Prof Dr Shiv Sethi
Author: Nihit Mohan
Publisher: Story Mirror
Year of publication: July 2025
Price: Rs 599/-
In an epoch besieged by frenetic acceleration, algorithmic intrusions, and an ever-morphing socio-economic topography, the imperative to recalibrate one’s internal compass and fortify the citadel of the self has never been more exigent. Enter Nihit Mohan’s Human Superpowers-a contemplative and evocative treatise that does not merely instruct, but rather illumines a pathway to inner renaissance. This is no banal compendium of motivational banalities; rather, it is a lyrical invocation to rediscover the intrinsic faculties that constitute the scaffolding of human flourishing.
Eschewing the caped clichés and radioactive tropes of fictional superheroes, Mohan turns his gaze inward-towards the oft-overlooked, yet eminently real, powers that dwell within each of us. These are not supernatural attributes, but sublimely natural ones: gratitude, imagination, resilience, faith, and the boundless profundity of the subconscious mind. Each chapter is an articulate exegesis, seamlessly interweaving the anecdotal with the philosophical, the empirical with the existential.
Most arresting is Mohan’s exposition on the Power of the Subconscious Mind-a domain where latent convictions, forged in the furnace of childhood or social conditioning, surreptitiously orchestrate our decisions, our relationships, and our destinies. Mohan’s prescription is both sagacious and actionable: to consciously re-script these subterranean narratives and thereby reclaim agency over one’s lived reality. In his able hands, neuroplasticity becomes not a neuroscientific abstraction, but a practical philosophy of transformation.
Equally noteworthy is his elucidation on the Power of Resilience.

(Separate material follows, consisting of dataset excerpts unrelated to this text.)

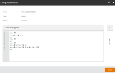 You can review the configuration management on an online switch from: Ruckus Cloud >> Network Devices >> Switches >> Click on the switch you wish to review >> Configuration Management >> History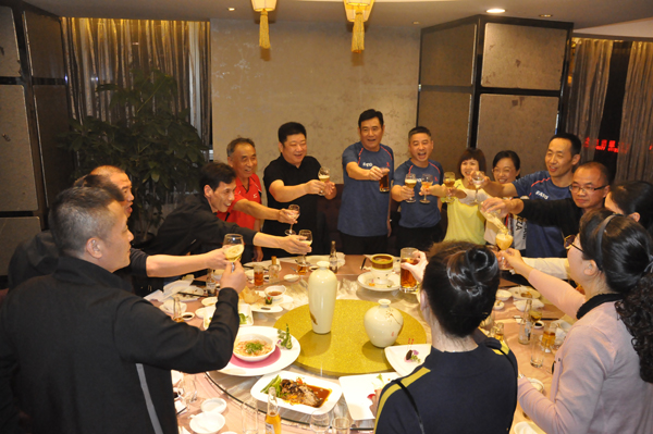 晚上,在新聚豐園大酒店舉行了慶祝晚宴,特意犒勞奪冠的功臣們,公司總裁兼黨委書記張龍松參加晚宴,并與隊員們一一碰杯慶賀,同時,并對他(她)們的拼搏精神表示贊賞,對他(她)們為公司勇奪榮譽表達謝意。(徐剛)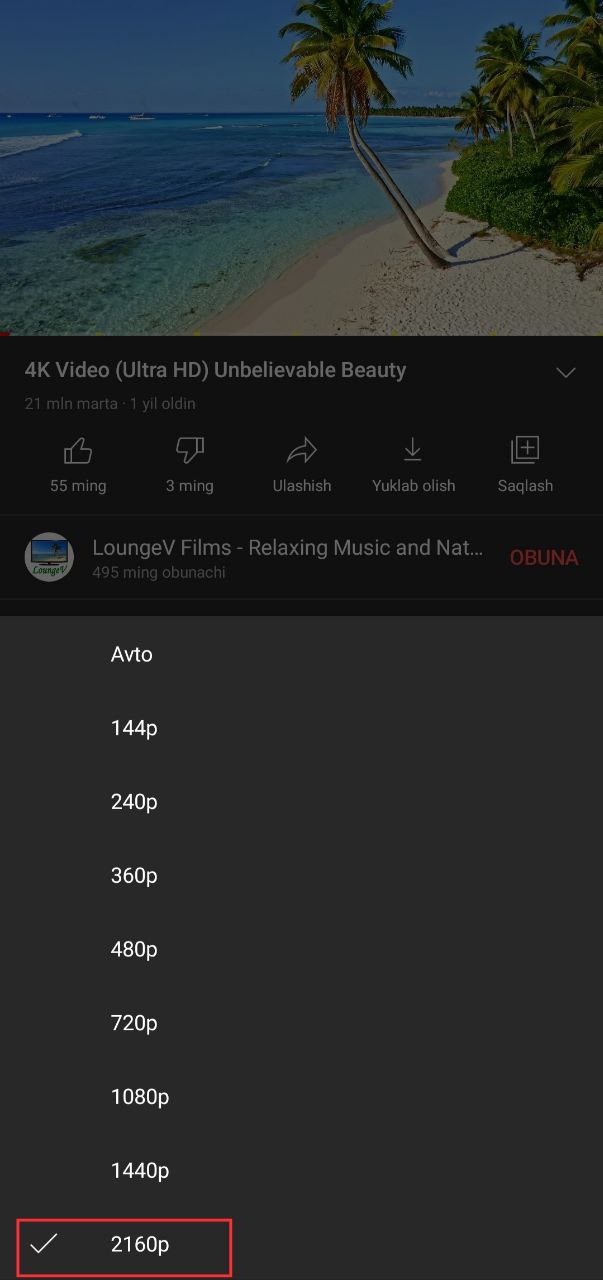 Google nihoyat Android foydalanuvchilariga video rezolyutsiyasini tanlash erkinligini berdi. 2K, 1080p va 720p ekranli smartfonlar endi 4K ni tomosha qilishlari mumkin. iPhone ilovasiga ushbu yuqori sifatli qo‘llab-quvvatlash o‘tgan yilning kuzida iOS 14 chiqarilishi bilan qo‘shilgan edi.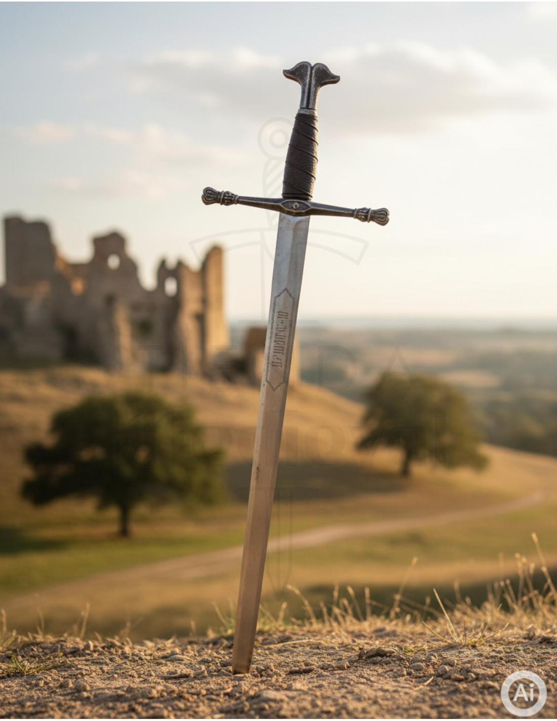 Descubra a majestade da Espada Carlos V com lâmina rústica gravada! Esta espada, com sua lâmina de aço forjado e acabamento rústico, é uma verdadeira obra de arte. A sua lâmina gravada confere-lhe um toque de distinção e elegância, tornando-a numa peça única.
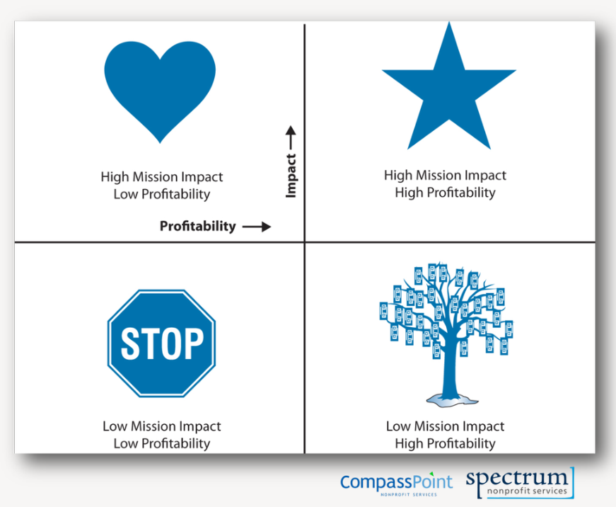 Upper right quadrant – Stars: programs, projects, and initiatives to invest in and grow. They generate net revenue for the operations and have meaningful mission impact.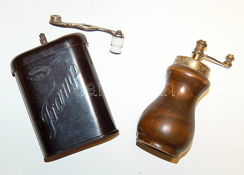 Beschreibung: Fából készült rézkarú borsdaráló és egy század közepén készített műanyag Tramp márkájú kávédaráló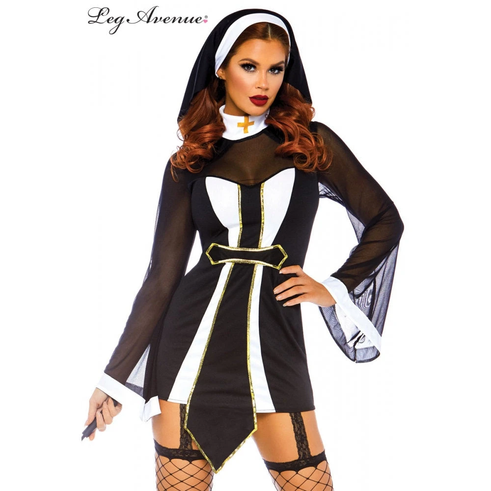 Ladies Twisted Sister Leg Avenue Costume includes black and white dress with cross detail and gold edging, and nun habit. This 2 PC Twisted Sister nun costume is the most twisted costume of them all! Perfect for Halloween, theme parties, and bedroom role-playing. Add some blood for a spooky Halloween look. Great for Letter N (Nun) and Letter S (sister) parties.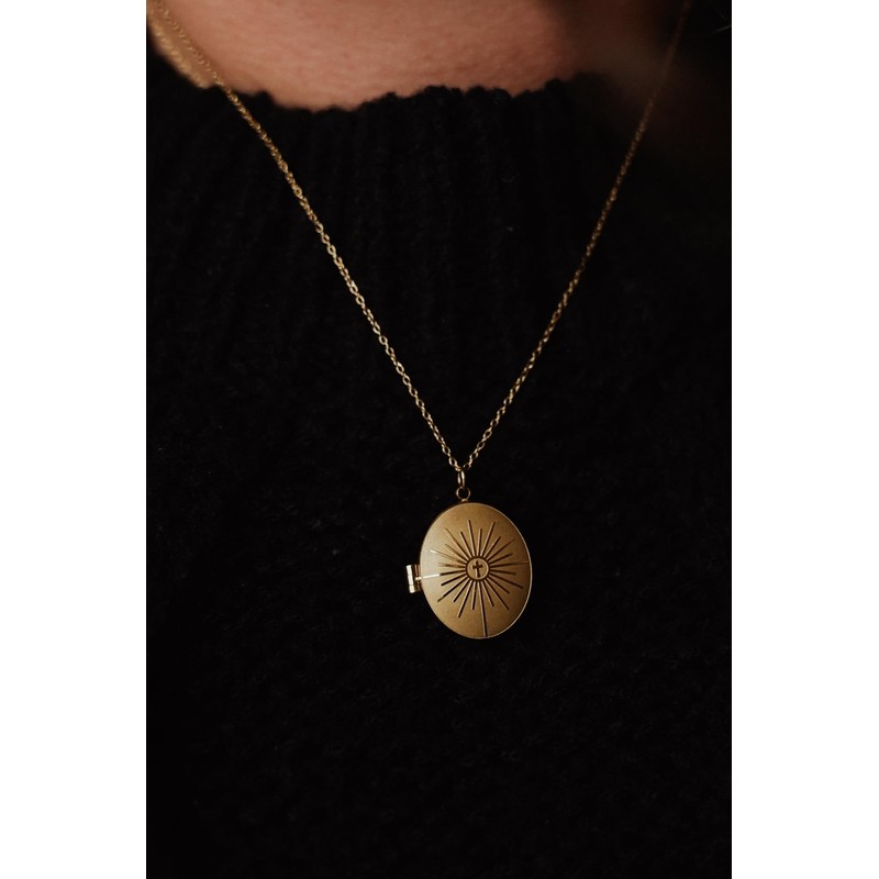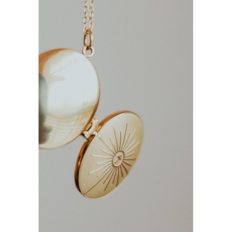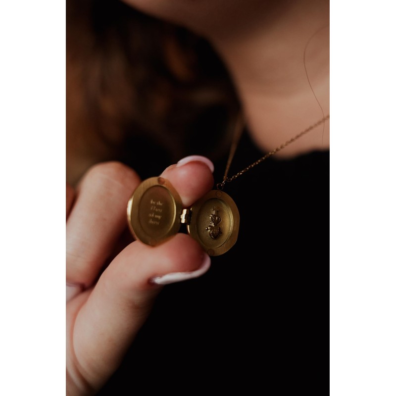 Blessed is She Gold Catholic Monstrance Necklace - Yellow Monstrance Gold Locket Necklace for Women, Religious Golden Locket Necklaces, Catholic Devotional Necklaces with Lockets for Women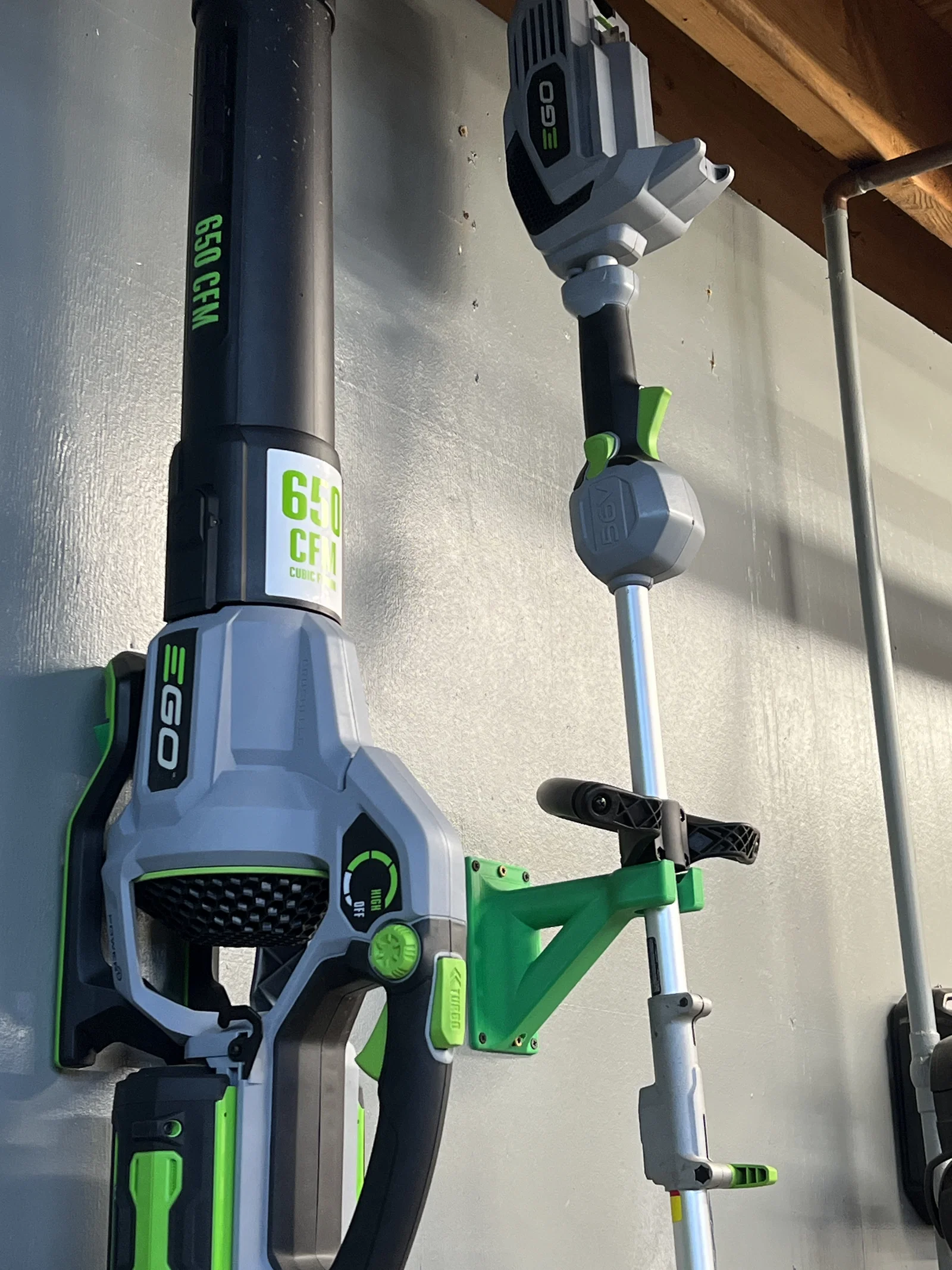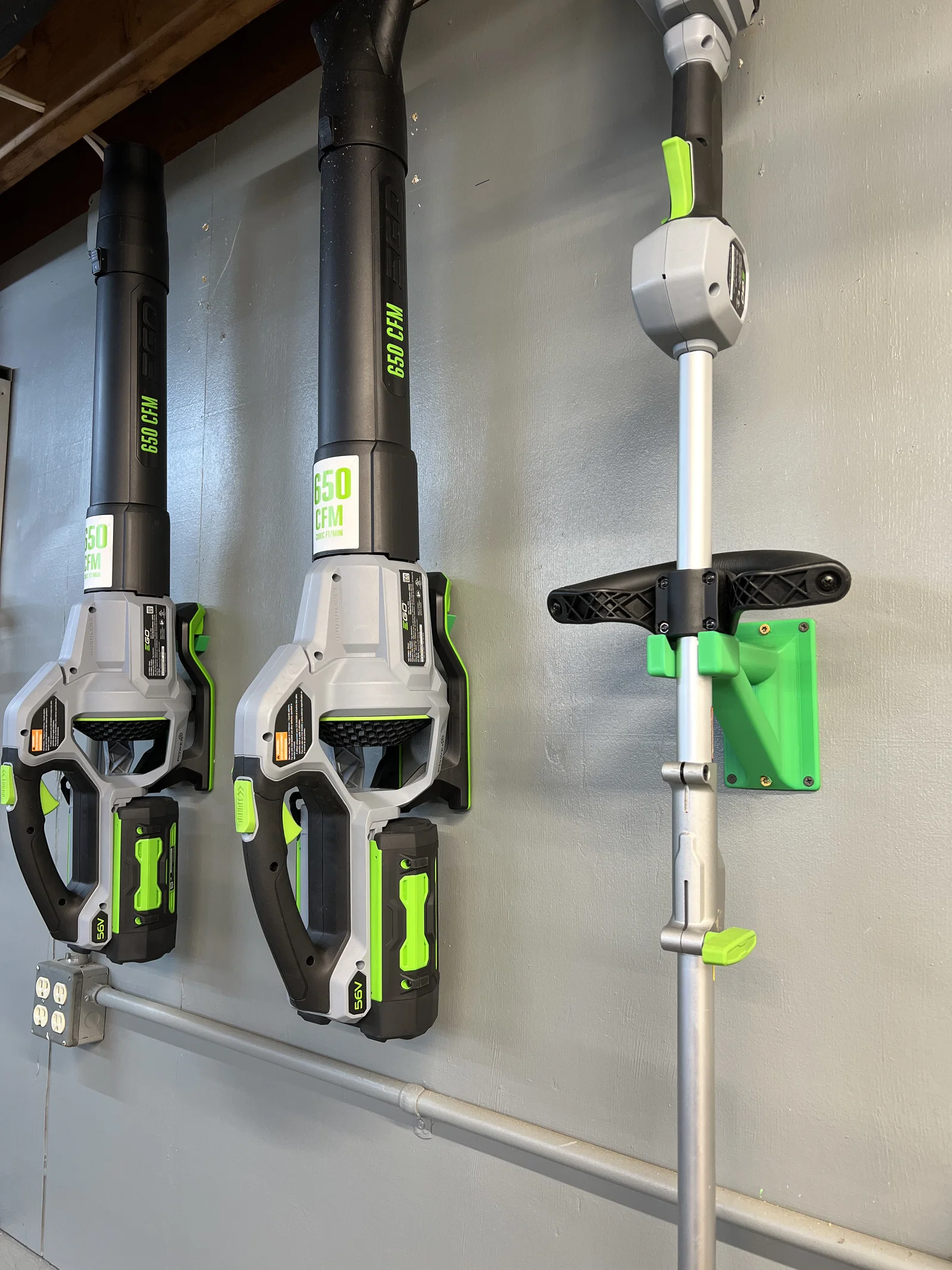 Nếu bác nào đang dùng các dòng máy cắt cỏ, máy thổi lá của thương hiệu EGO thì chắc hẳn sẽ hiểu cảm giác cái nhà kho hay gara lúc nào cũng bừa bộn vì không biết cất máy sao cho gọn. Với thiết kế giá treo tường chuyên dụng này, các bác có thể dễ dàng tối ưu hóa không gian lưu trữ, treo máy lên cao để sàn nhà được thông thoáng và sạch sẽ hơn hẳn. Điểm đặc biệt của phiên bản này là tác giả đã tinh tế thêm 2 lỗ bắt vít ở chính giữa, cho phép các bác cố định giá trực tiếp vào đà gỗ (stud) của tường một cách cực kỳ chắc chắn mà không cần lo lắng về độ rung lắc.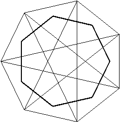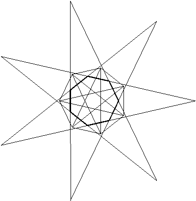 - Extend the sides of the basic heptagon until they cross. This will create a heptagram of greater size. The crosspoints define the corners of the next "higher-order" heptagon.

Far from offering platitudinous cheerleading, Mohan renders resilience as an alchemical process-where adversities are not ends, but crucibles; not impediments, but invitations to ascend. He portrays life’s inevitable setbacks not as existential aberrations, but as pedagogical necessities-springboards from which higher iterations of the self can be launched.
The prose, mercifully, is devoid of intellectual grandiloquence for its own sake. Mohan’s style is refreshingly lucid, democratic in tone, and imbued with a quiet moral earnestness. He draws from an eclectic reservoir of sources-boardroom dramas, parental dilemmas, sporting triumphs, and quotidian acts of courage-to render the text palpably human. This universality ensures that the book is equally relevant to a wide-eyed student teetering on the cusp of career choices, a beleaguered entrepreneur mid-pivot, or a parent attempting to nurture emotional intelligence in an AI-saturated world.
If one were to quibble, it would be that certain thematic corridors beckon further illumination. But perhaps this is by deliberate design. The text is not intended to be a doctrinaire manual, but rather a gateway-a literary nudge, urging the reader to commence their own odyssey of introspection and actualisation.
In summation, Human Superpowers is less a book and more a mirror-held aloft with compassion and clarity, encouraging each of us to recognise the incandescent reservoir of strength, grace, and purpose that lies dormant within. In an era enamoured with external validation and performative success, Mohan’s thesis is both radical and redemptive: that our most enduring superpowers were never out there-they were always, unfailingly, within.